Docking results can only provide a reference for truncation optimization. Sometimes, using several random aptamer sequences for docking can yield docking results, but these may not have practical research applications. Ultimately, it is necessary to revert to affinity detection methods such as biolayer interferometry (BLI), microscale thermophoresis (MST) [
51], surface plasmon resonance (SPR) [
52], isothermal titration calorimetry (ITC) [
53], and fluorescence resonance energy transfer (FRET) [
54] for validation. Different affinity characterization methods are not universally applicable. This experiment only used a single molecular detection method, and incorporating more affinity characterization methods could further enhance credibility.

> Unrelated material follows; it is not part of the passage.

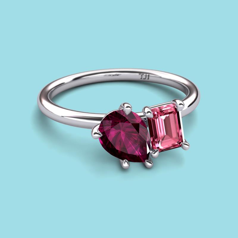 Pear Shape Rhodolite Garnet & Emerald Shape Pink Tourmaline 2.55 ctw Four Prong Womens 2 Stone Duo Engagement Ring Platinum More Details ...
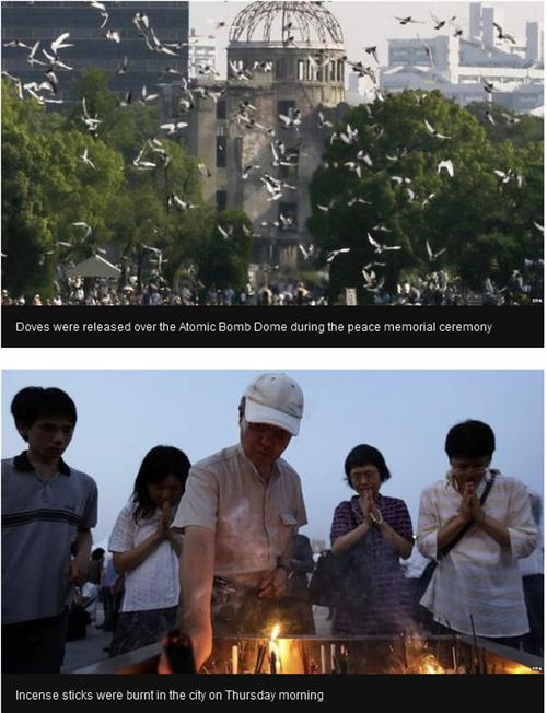 គួរបញ្ជាក់ថា កម្មវិធី ប្រារព្ធខូប ដ៏អធឹកអធម ៧០ ឆ្នាំ ថ្ងៃ ៦ សីហា ២០១៥ នេះ មានការចូលរួម ដោយផ្ទាល់អធិបតីភាពនាយករដ្ឋមន្រ្តីប្រទេស ជប៉ុន Shinzo Abeនៅឯសួនឧទ្យានគោរពវិញ្ញាណ ក្ខ័ន្ធ Hiroshima ខណៈ ក្រោយមក មាន កម្មវិធីបណ្តែតចង្កៀង គោម នៅទន្លេ Motoyasu ក្នុងក្រុង ។ ៦ សីហា ១៩៤៥ អាមេរិក ទម្លាក់ គ្រាប់បែក បរិមាណូ គ្រាប់ដំបូង ខ ណៈ ៣ ថ្ងៃក្រោយមក ពោល ថ្ងៃ ទី ៩ សីហា ១៩៤៥ អាមេរិក ទម្លាក់គ្រាប់បែក បរិមាណូ គ្រាប់ទី ២ ឈានទៅដល់បញ្ចប់ សង្គ្រាម លោកលើកទី ២ បន្ទាប់ពី ជប៉ុន សុំ ចុះចាញ់សង្គ្រាម ក្រោយពីការទម្លាក់គ្រាប់បែក បរិមា ណូទាំង នេះ បានសម្លាប់ ពលរដ្ឋជប៉ុន ហោចណាស់ ១៤០,០០០ នាក់ ក្នុងរយៈពេលត្រឹម តែមួយ ថ្ងៃ។

Although the study preliminarily explored the binding mechanism between aptamers and AZA-2 using computer simulations, the research exploring the mechanism is not yet in-depth. In the future, multiple technical means, such as X-ray crystallography and nuclear magnetic resonance, should be further employed to deeply analyze the interaction mechanism between aptamers and their targets [
55,
56].
The application of spike detection in this experiment is highly persuasive. The sensitivity of the sensor designed in this experiment is comparable to that of ELISA, but its sensitivity cannot match that of the LC-MS detection method (
Table 4). However, the detection results in environmental samples may be less convincing. 1. The distribution of toxins, especially marine biotoxins, in the environment is inherently sparse, and the distribution and occurrence of azaspiracids in China are relatively rare, reducing the likelihood of toxin detection. 2. The lack of positive control detection results based on existing detection methods such as LC-MS further reduces persuasiveness. In the future, it is necessary to learn relevant technologies and achieve controlled detection. 3. Sampling during algal blooms or harmful algal outbreaks may help improve the detection significance and expected detection rate. Additionally, the sensor developed in this experiment has not been tested in replicate environmental samples. In the future, the detection performance of the sensor under complex environments can be evaluated to further improve the affinity and specificity of aptamers, optimize the detection sensitivity and stability of the sensor, and expand its application scope.